Competition age: does it matter for swimmers?

OBJECTIVE

To establish reference data on required competition age regarding performance levels for both sexes, all swimming strokes, and race distances and to determine the effect of competition age on swimming performance in the context of other common age metrics. In total, 36,687,573 race times of 588,938 swimmers (age 14.2 ± 6.3 years) were analyzed. FINA (Fédération Internationale de Natation) points were calculated to compare race times between swimming strokes and race distances. The sum of all years of race participation determined competition age.

RESULTS

Across all events, swimmers reach top-elite level, i.e. > 900 FINA points, after approximately 8 years of competition participation. Multiple-linear regression analysis explained up to 40% of variance in the performance level and competition age showed a stable effect on all race distances for both sexes (β = 0.19 to 0.33). Increased race distance from 50 to 1500 m, decreased effects of chronological age (β = 0.48 to - 0.13) and increased relative age effects (β = 0.02 to 0.11).
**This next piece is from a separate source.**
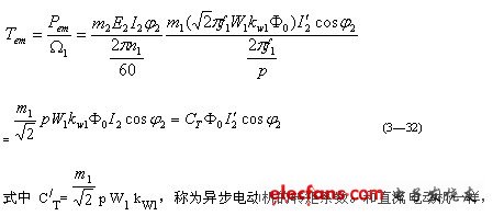 從上式看出,異步電動(dòng)機(jī)電磁轉(zhuǎn)矩與氣隙每極磁通Φ0和轉(zhuǎn)子電流的有功分量的乘積成正比。說明正是由此二者的相互作用才產(chǎn)生電磁轉(zhuǎn)矩。公式(3—32)與直流電動(dòng)機(jī)電磁轉(zhuǎn)矩公式極為相似。

Reference data from the present study should be used to establish guidelines and set realistic goals for years of competition participation required to reach certain performance levels. Future studies need to analyze effects of transitions between various swimming strokes and race distances on peak performance.

Normative data and percentile curves for long-term athlete development in swimming

OBJECTIVES

To provide normative data and establish percentile curves for long-course (50 m pool length) swimming events and to compare progression of race times longitudinally for the various swimming strokes and race distances.

DESIGN

Descriptive approach with longitudinal tracking of performance data.

METHODS

A total of 2,884,783 race results were collected from which 169,194 annual best times from early junior to elite age were extracted. To account for drop-outs during adolescence, only swimmers still competing at age of peak performance (21-26 years) were included and analyzed retrospectively. Percentiles were established with z-scores around the median and the Lambda-Mu-Sigma (LMS) method applied to account for potential skewness. A two-way analysis of variance (ANOVA) with repeated measure and between-subject factor was applied to compare race times across the various events and age groups.

RESULTS

Percentile curves were established based on longitudinal tracking of race times specific to sex, swimming stroke, and race distance. Comparing performance progression, race times of freestyle sprint events showed an early plateau with no further significant improvement (p > 0.05) after late junior age (15-17 years). However, the longer the race distance, the later the race times plateaued (p < 0.05). Female swimmers generally showed an earlier performance plateau than males. Backstroke and freestyle showed an earlier performance plateau compared to the other swimming strokes (p < 0.05).

CONCLUSIONS

Performance progression varied between sex, swimming strokes, and race distances. Percentile curves based on longitudinal tracking may allow an objective assessment of swimming performance, help discover individual potentials, and facilitate realistic goal setting for talent development.